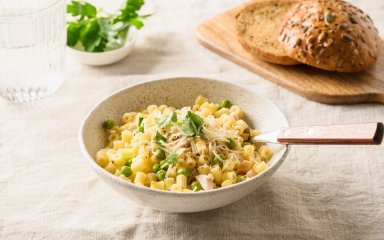 Паста с зеленым горошком вкуснее всего в горячем виде.
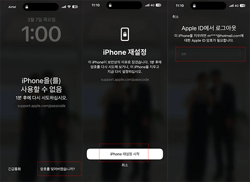 여러 번 잘못된 비밀번호를 입력하다 보면 아이폰을 사용할 수 없음
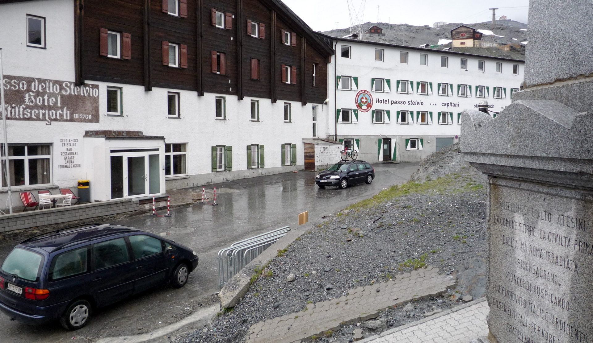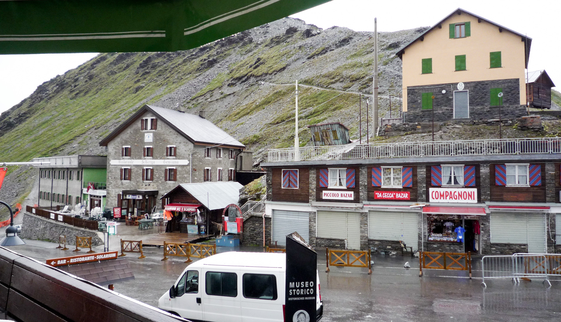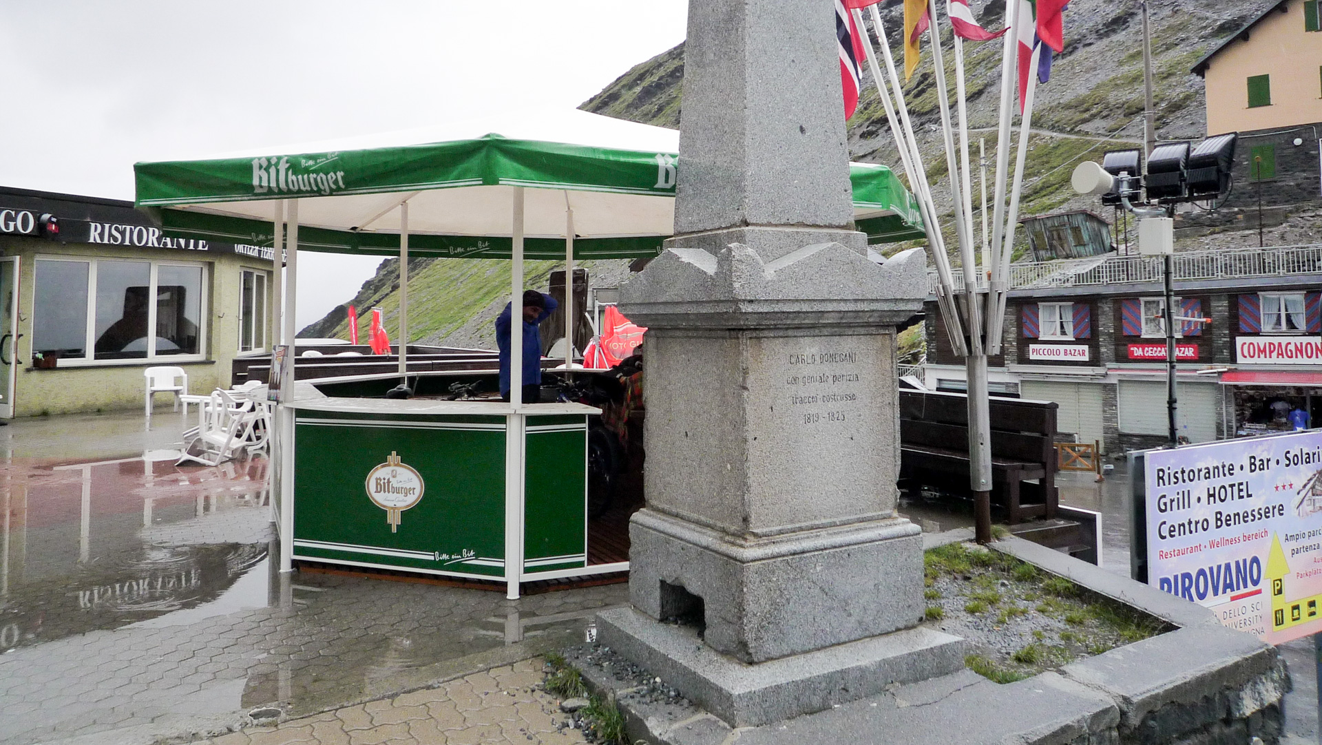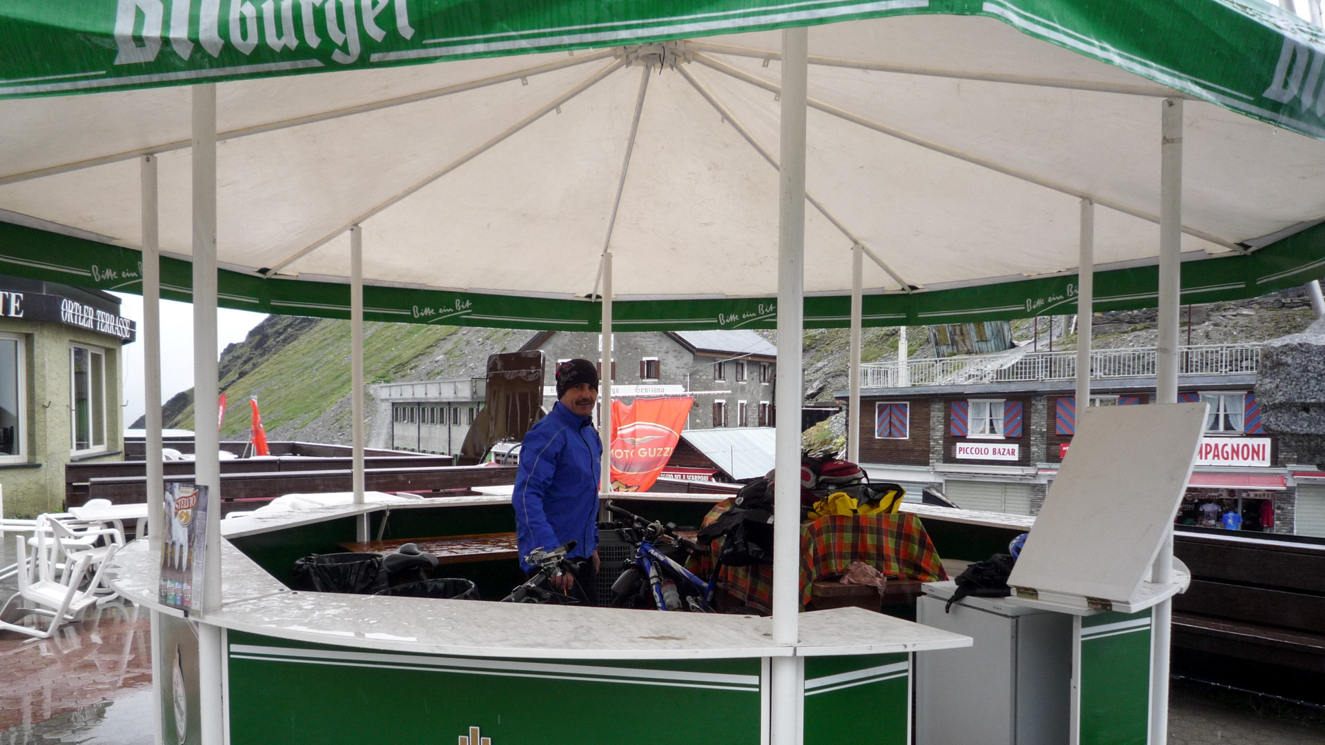 Überall Muränen-Abgänge, das Wasser fließt gerade so über die Straßen. Ab und zu wird der Verkehr für kurze Zeit angehalten, Bauarbeiter stehen am Wegrand und versuchen krampfhaft, den übergelaufenen Bach am Überqueren der Straße zu hindern, meist erfolglos. Wir schlängeln uns eine Serpentine nach der anderen den Berg hinauf, bis wir gefühlte drei Stunden später oben an der Schweizer Grenze am Umbrail-Pass stehen. Geschlossen, wegen akuter Steinschlaggefahr und Straßenbeschädigung verursacht durch das aktuelle Unwetter. Und jetzt? Der Fahrer wusste, dass aus demselben Grund die Stilfster Joch Straße Richtung Prad gesperrt ist. Wir sitzen praktisch in der Falle. Das sind die zwei einzigen Wege hinunter ins Tal Richtung Hotel. Ich schaue Jürgen an und wir beschließen, uns einfach auf den Stelvio Pass fahren zu lassen. Oben versuchen wir es dann, mit den Bikes nach unten zu gelangen. Der Taxifahrer will 60,00 Euro, für die Pass-Tour von Bormio hinauf, ein fairer Preis. Die Bikes und unser Gepäck laden wir sehr schnell aus. Es schüttet aus allen Wolken und es ist bitter kalt. Wir fangen an zu zittern. Ein digitales Thermometer an einer der vielen leeren und verschlossenen Stände gibt uns Klarheit: 0 Grad auf 2.700 Meter! Auf den etwas höheren Bergen um uns herum können wir schneebedeckte Gipfel erkennen. Eine kleine Biergondel am Stelvio bietet uns Unterschlupf, denn wir müssen uns ja erst mal umziehen!

WHAT NEEDS TO BE DONE: From the first line above through the line containing "여러 번 잘못된 비밀번호를 입력하다 보면 아이폰을 사용할 수 없음", copy everything exactly, without the pictures.

TASK ANSWER:
 Паста с зеленым горошком вкуснее всего в горячем виде.
 여러 번 잘못된 비밀번호를 입력하다 보면 아이폰을 사용할 수 없음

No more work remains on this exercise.